- [AIM OF THE TASK] Beginning with the line that holds "Datteri ripieni con" and finishing with the line that holds "Presentation Timer는 미디어", repeat the listing exactly, leaving every picture out.

- [RECORDS]

[Start of section]

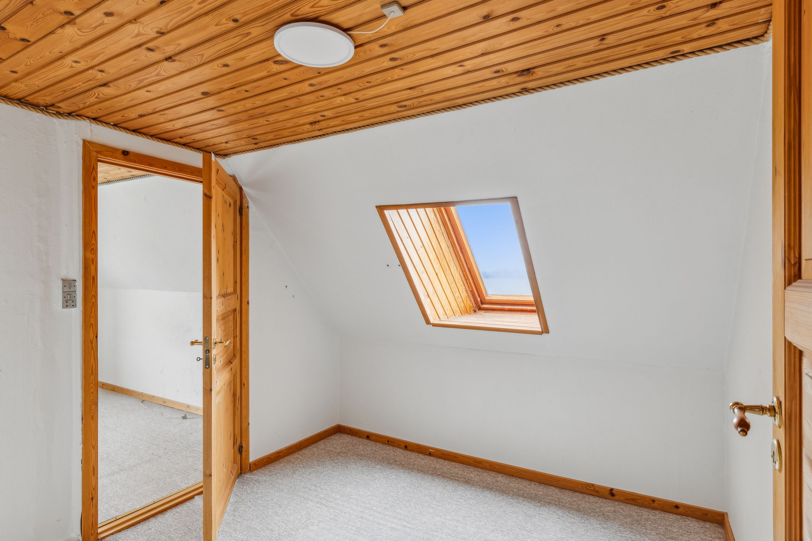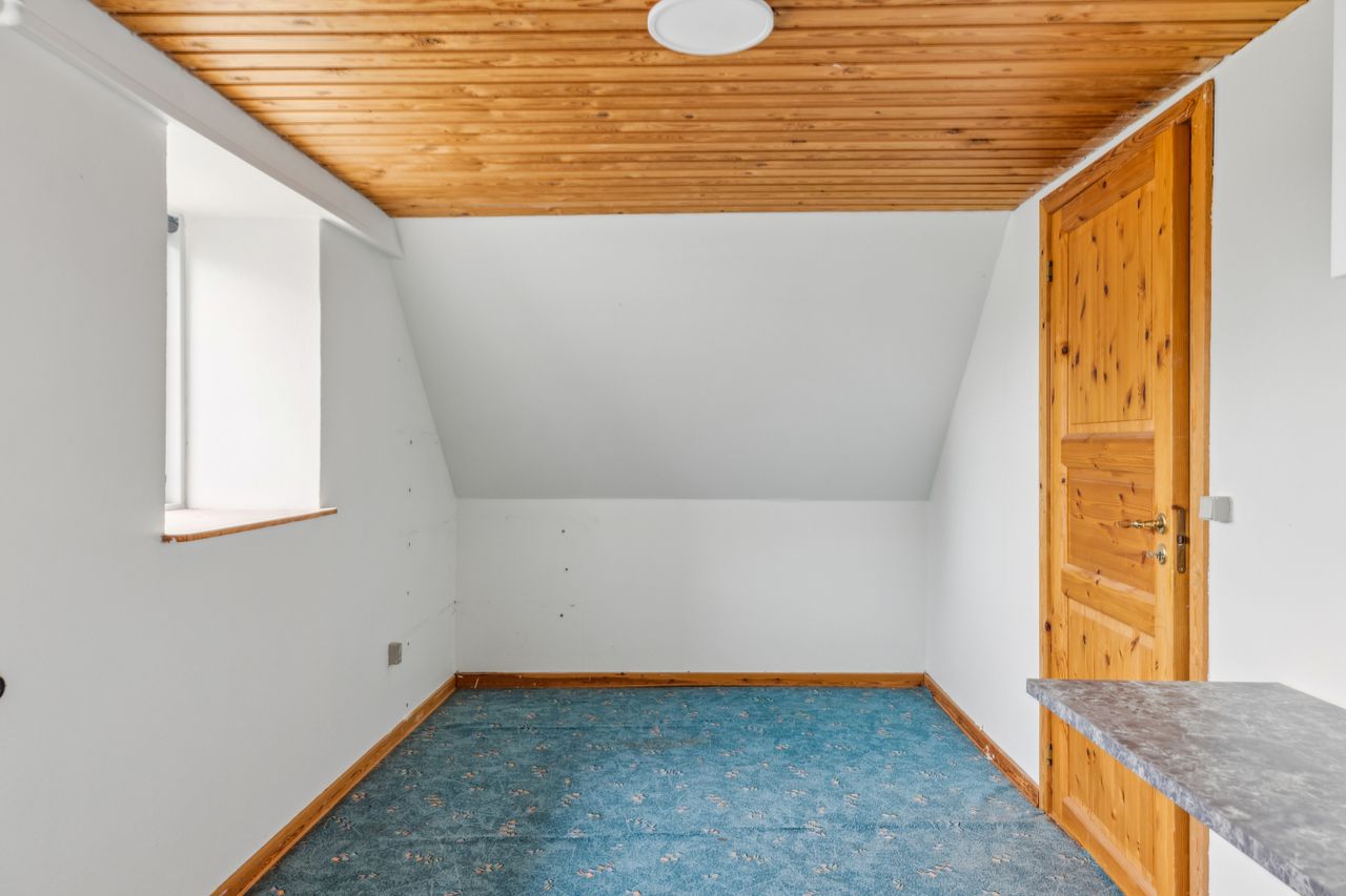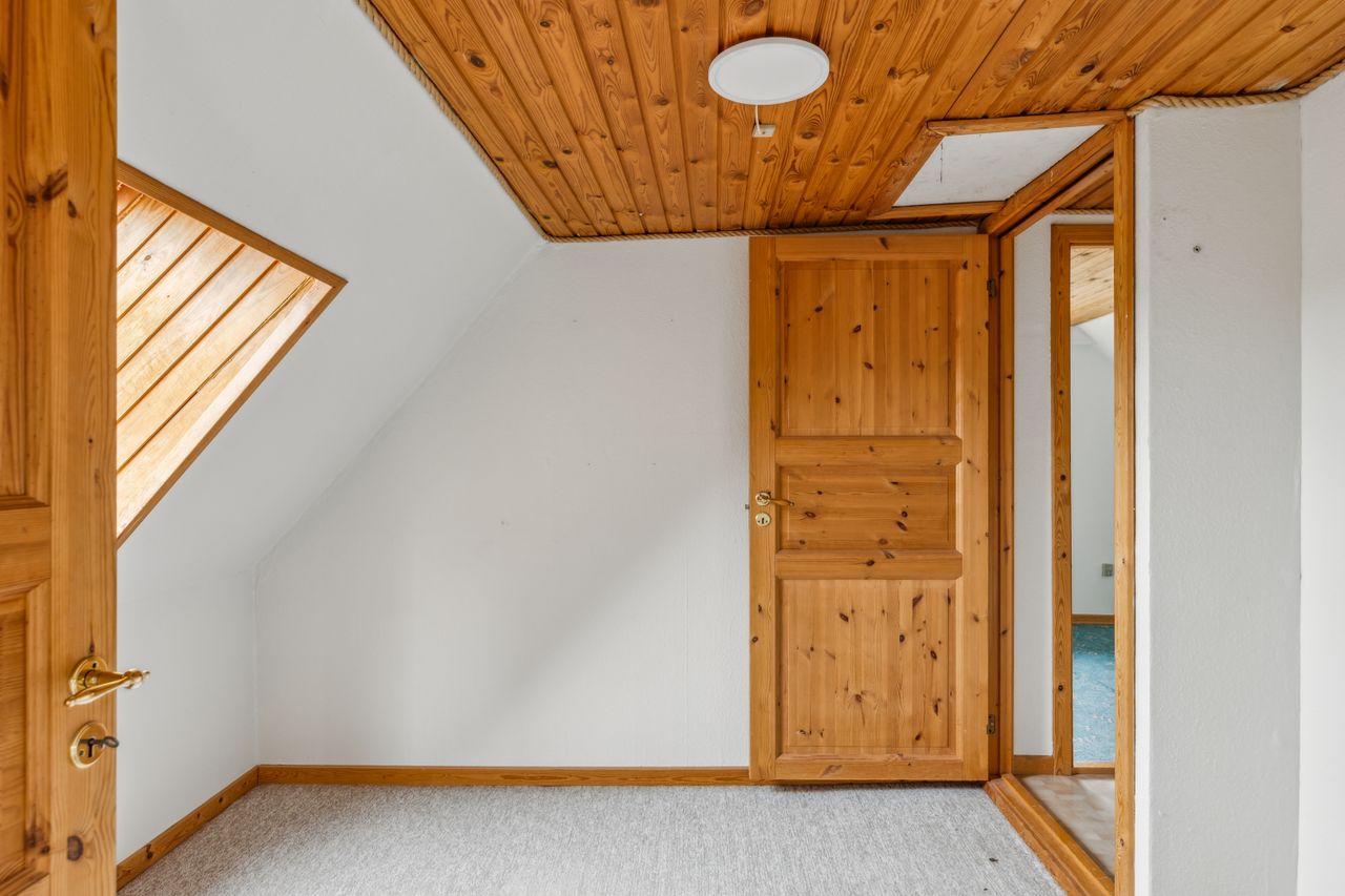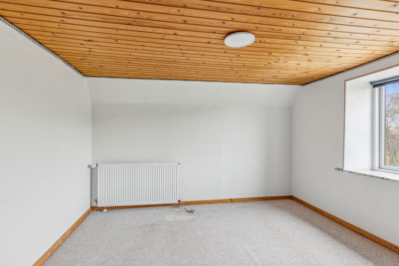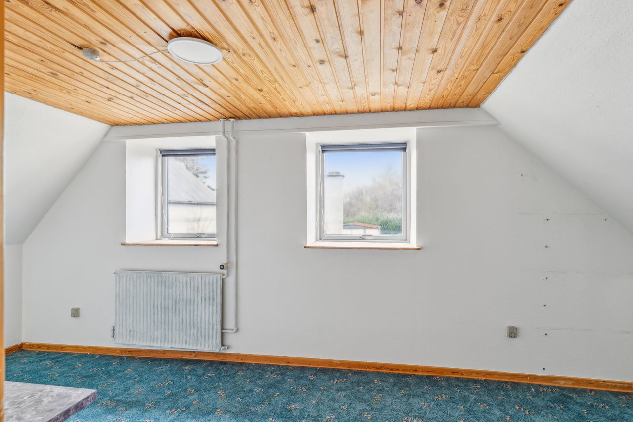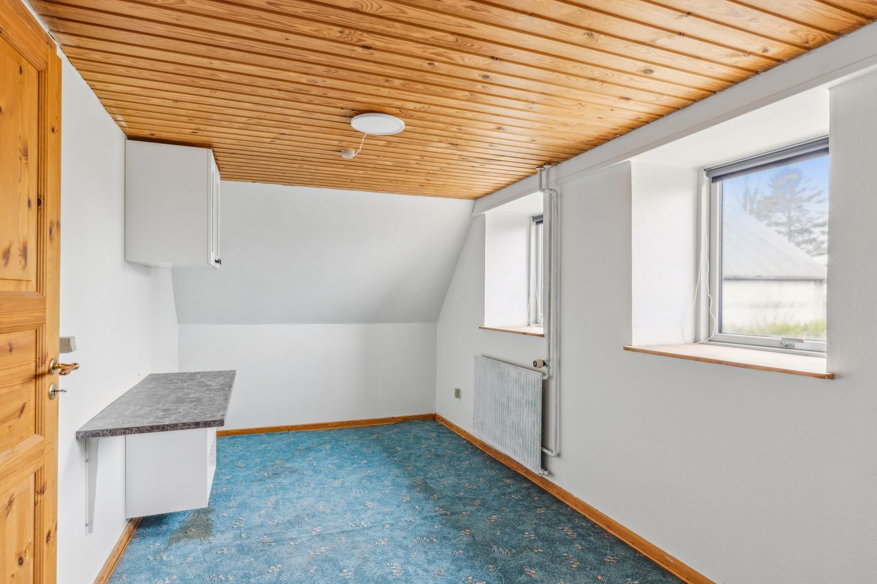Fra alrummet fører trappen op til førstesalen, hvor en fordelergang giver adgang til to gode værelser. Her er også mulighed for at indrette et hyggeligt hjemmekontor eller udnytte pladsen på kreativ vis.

[End of section]
[Start of section]

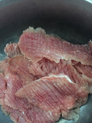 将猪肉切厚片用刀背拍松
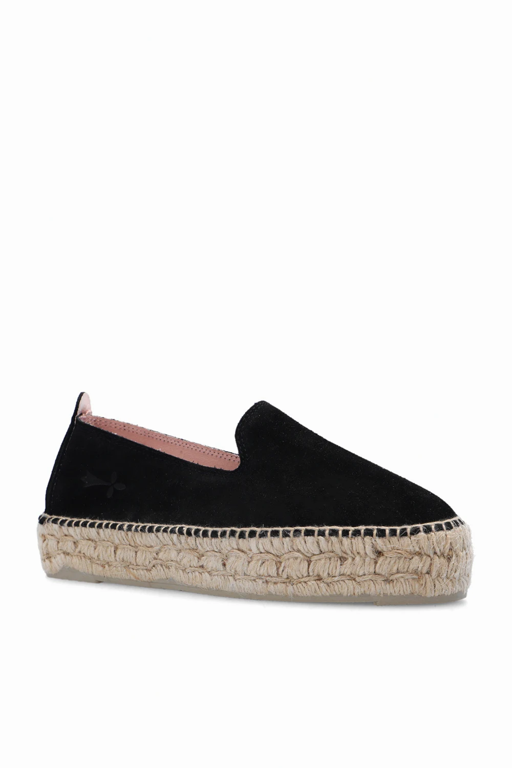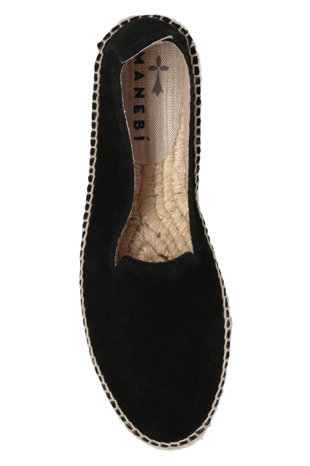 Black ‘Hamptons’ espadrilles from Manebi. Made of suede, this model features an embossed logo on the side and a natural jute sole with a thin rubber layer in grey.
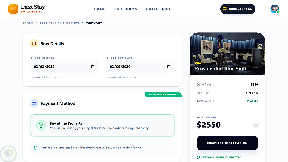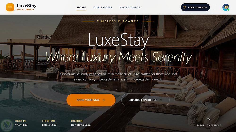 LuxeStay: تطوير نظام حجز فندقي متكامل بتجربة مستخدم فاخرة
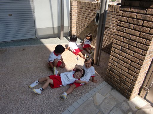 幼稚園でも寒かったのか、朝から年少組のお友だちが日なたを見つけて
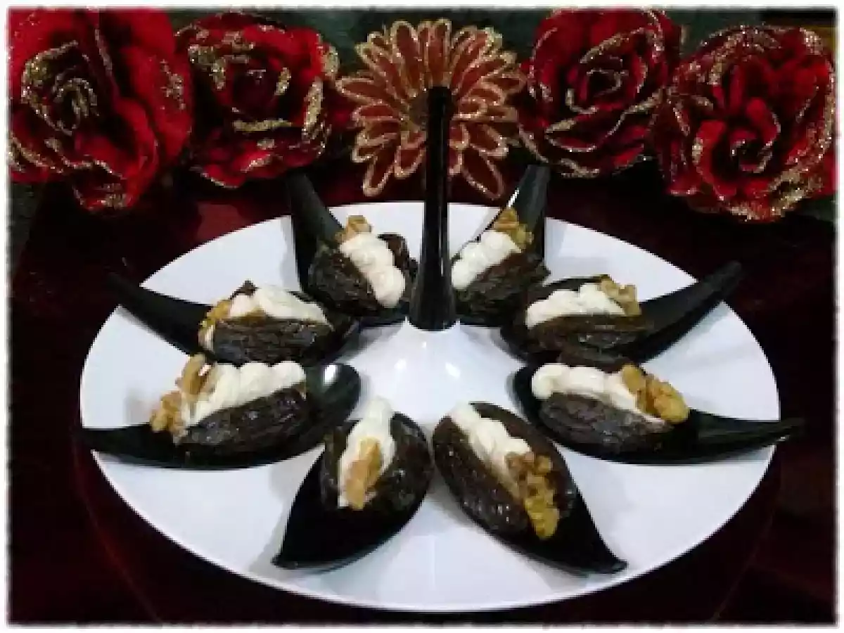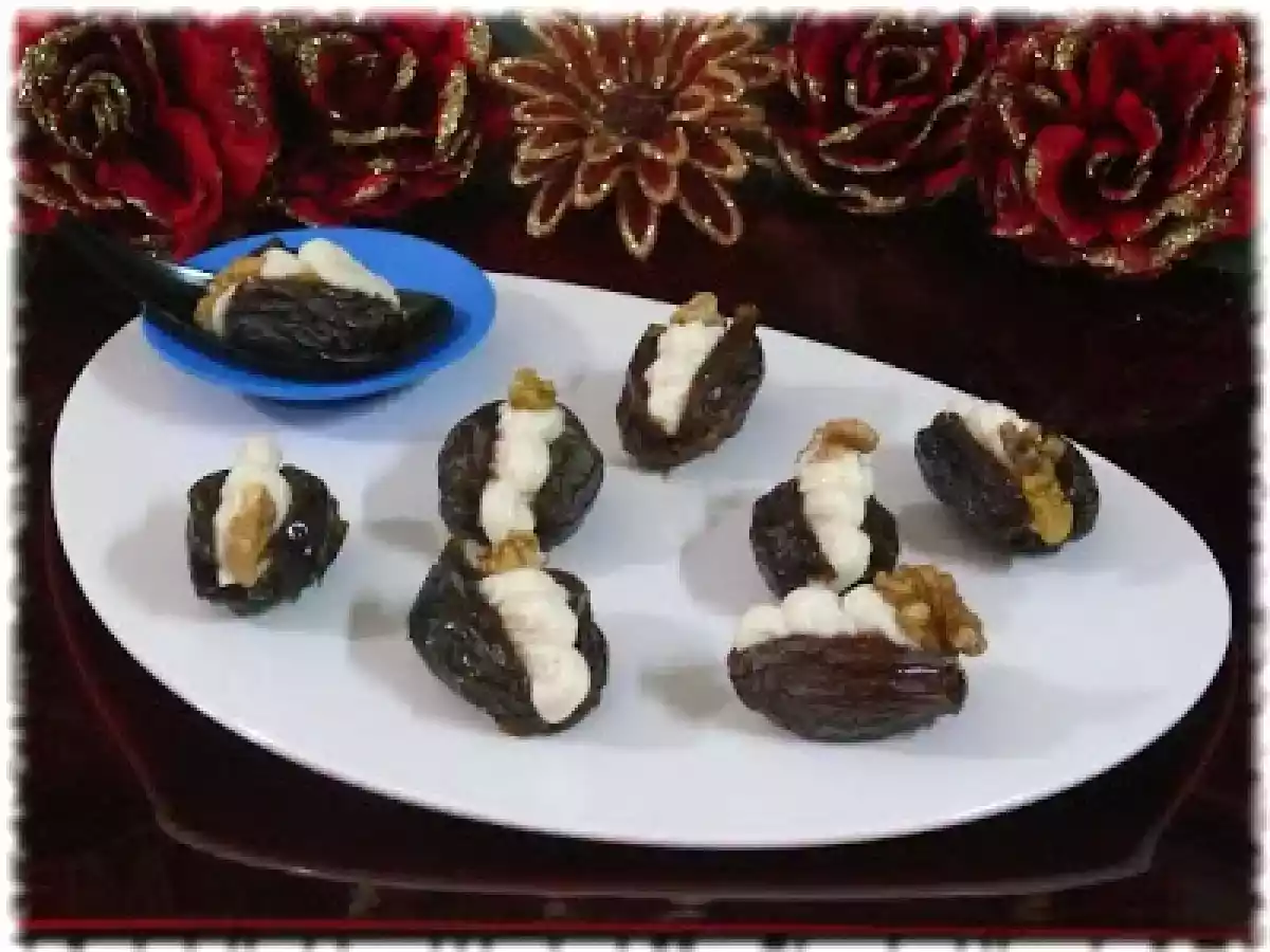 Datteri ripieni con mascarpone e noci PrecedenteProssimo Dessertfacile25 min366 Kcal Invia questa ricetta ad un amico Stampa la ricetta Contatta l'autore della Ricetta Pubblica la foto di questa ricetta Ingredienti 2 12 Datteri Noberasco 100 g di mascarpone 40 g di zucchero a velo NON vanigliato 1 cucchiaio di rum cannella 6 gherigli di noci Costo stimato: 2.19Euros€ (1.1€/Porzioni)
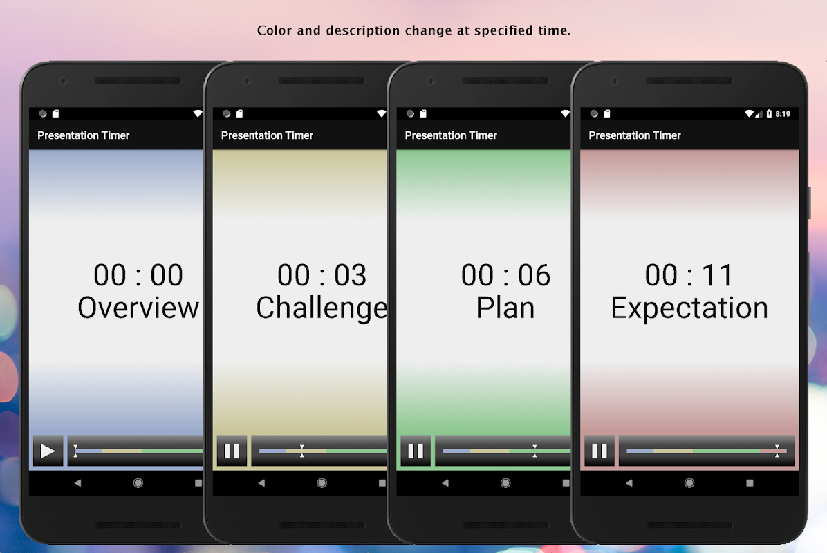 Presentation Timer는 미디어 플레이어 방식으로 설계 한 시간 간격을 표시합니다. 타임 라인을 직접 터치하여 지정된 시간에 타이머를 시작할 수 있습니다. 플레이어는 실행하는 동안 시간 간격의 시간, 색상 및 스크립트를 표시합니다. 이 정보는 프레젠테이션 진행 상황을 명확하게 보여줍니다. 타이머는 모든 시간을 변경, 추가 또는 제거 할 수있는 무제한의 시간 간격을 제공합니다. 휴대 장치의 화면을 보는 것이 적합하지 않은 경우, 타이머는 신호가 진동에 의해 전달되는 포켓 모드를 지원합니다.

[End of section]

- [SOLUTION TO THIS PROBLEM]
 Datteri ripieni con mascarpone e noci PrecedenteProssimo Dessertfacile25 min366 Kcal Invia questa ricetta ad un amico Stampa la ricetta Contatta l'autore della Ricetta Pubblica la foto di questa ricetta Ingredienti 2 12 Datteri Noberasco 100 g di mascarpone 40 g di zucchero a velo NON vanigliato 1 cucchiaio di rum cannella 6 gherigli di noci Costo stimato: 2.19Euros€ (1.1€/Porzioni)
 Presentation Timer는 미디어 플레이어 방식으로 설계 한 시간 간격을 표시합니다. 타임 라인을 직접 터치하여 지정된 시간에 타이머를 시작할 수 있습니다. 플레이어는 실행하는 동안 시간 간격의 시간, 색상 및 스크립트를 표시합니다. 이 정보는 프레젠테이션 진행 상황을 명확하게 보여줍니다. 타이머는 모든 시간을 변경, 추가 또는 제거 할 수있는 무제한의 시간 간격을 제공합니다. 휴대 장치의 화면을 보는 것이 적합하지 않은 경우, 타이머는 신호가 진동에 의해 전달되는 포켓 모드를 지원합니다.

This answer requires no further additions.